Aw, you're just trolling. Yes men can use condoms but we all know that those suck, both for reliability and for the act itself. Meanwhile, a vasectomy is permanent and "the new drugs" (I assume you're talking about RISUG) don't exist yet. Saying... actually, I had read that as "Men have as much say as women." and was trying to call you out on that as being baloney. But you actually said, "Men have as much to say as women." which is certainly true, I guess. Men do like to talk. ... Neither one of those statements make sense in context.
Okay, I usually don't respond to the posts that are flagrantly insulting, but I'm going to make an effort here to respond in kind. Bear with me.
You idiot, they didn't "release information about a gay Saudi", they published more than half a million Saudi diplomatic cables which contained, among many many other things, the fact that this one guy had been arrested for homosexuality. Wikileaks is not a revenge site, where people like you go to post the private information of a girlfriend who dumped you when she found you had skidmarks larger than your dick.
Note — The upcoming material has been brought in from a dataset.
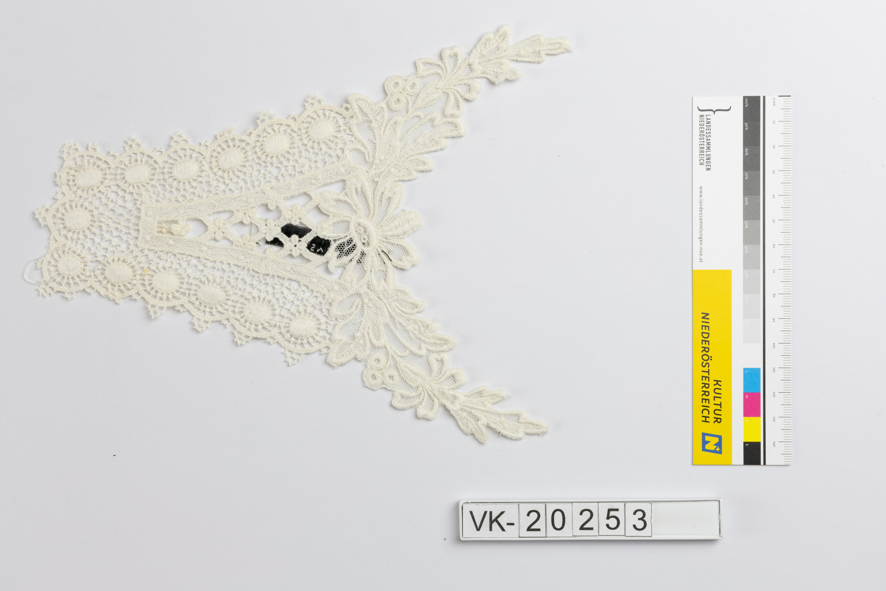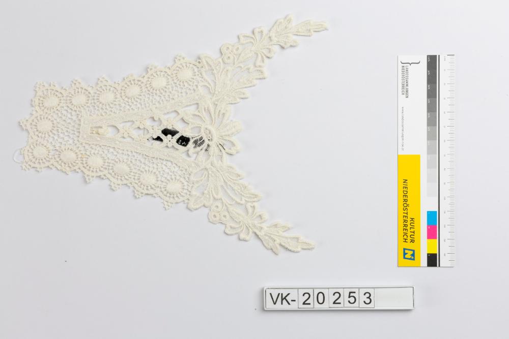 Annähernd dreieckiger, im oberen Bereich floral gestalteter, weißer Nadelspitzeneinsatz, vermutlich als Brusteinsatz für eine Bluse oder ein Kleid zu verwenden. Könnte zu VK-20252 gehören.

Wikileaks is a place where whistle blowers go to publish some of the secrets that very large organizations, mainly governments, hide from those people whom these secrets effect.
It is true that smarter people than you have criticized this approach to journalism, and those people may have a point: huge amounts of documents like this can not be censored for potentially harmful or embarrassing personal information prior to their release. Even if they could be, Wikileaks might not be willing to do so - they have built their reputation on total transparency, with the understanding that only when you receive a whole document, without redaction, can you be certain of its contents. Much as Hillary Clinton has received a lot of criticism for self-censoring emails from her server, so does Wikileaks avoid that criticism by censoring nothing.
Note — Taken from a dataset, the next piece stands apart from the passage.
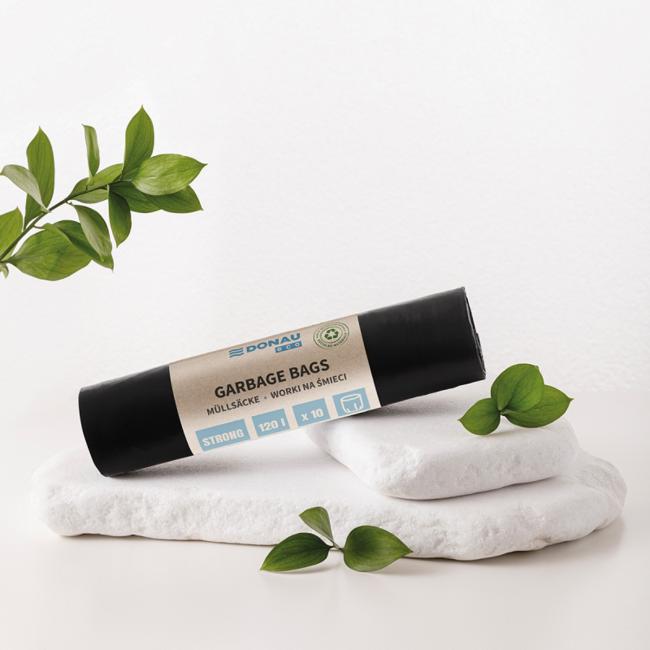 Extrémne odolné a roztiahnuteľné vrecia na odpadky vyrobené zo 100 % recyklovaného materiálu (LDPE).

(Now would be a good time to pause for a moment and make sure that your drool is not getting on your keyboard while you read this. Consider a bib.)
But, as I said, there are people who are not idiots who have pointed out problems with this approach. Most of those criticisms have taken the form of the TFA: when the US diplomatic cables were released there was much hand-wringing about all the lives that they would cost when sources were revealed. That didn't happen, but it was the same argument then as now: such a huge number of documents are bound to include a few embarrassing or possibly even dangerous tidbits about individuals. Some of those people went on to make the same implied argument as in TFA, "If we don't keep secrets, someone might get hurt." though previously they were less stupid about it than trying to suggest that if someone found out that a man had been arrested for homosexuality he might be... arrested for homosexuality. I don't know about Saudi Arabia specifically, but in most places arrest records are public information. (Was this written by someone you know? They seem to be writing at your level.)
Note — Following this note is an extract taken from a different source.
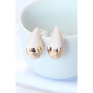 Minimal Beyaz Mineli Çift Renk Damla Küpe

Regarding my opinion about all of this: I'm uncertain about what's best for the public good, but if Wikileaks maintains an unflinching absolutism it's bound to get them in trouble eventually. I don't think that the TFA's method of cherry-picking a tiny tidbit out of a huge stack of information and shouting, "Look how much damage Wikileaks is doing!" is acting in the public's favor though. In fact, I think that sort of misinformation is very much against the best interests of the public.
I might further make a distinction between private information, personal records, and secrets, but any kind of subtlety like that would be lost on you, I'm sure. So I'm going to stop there.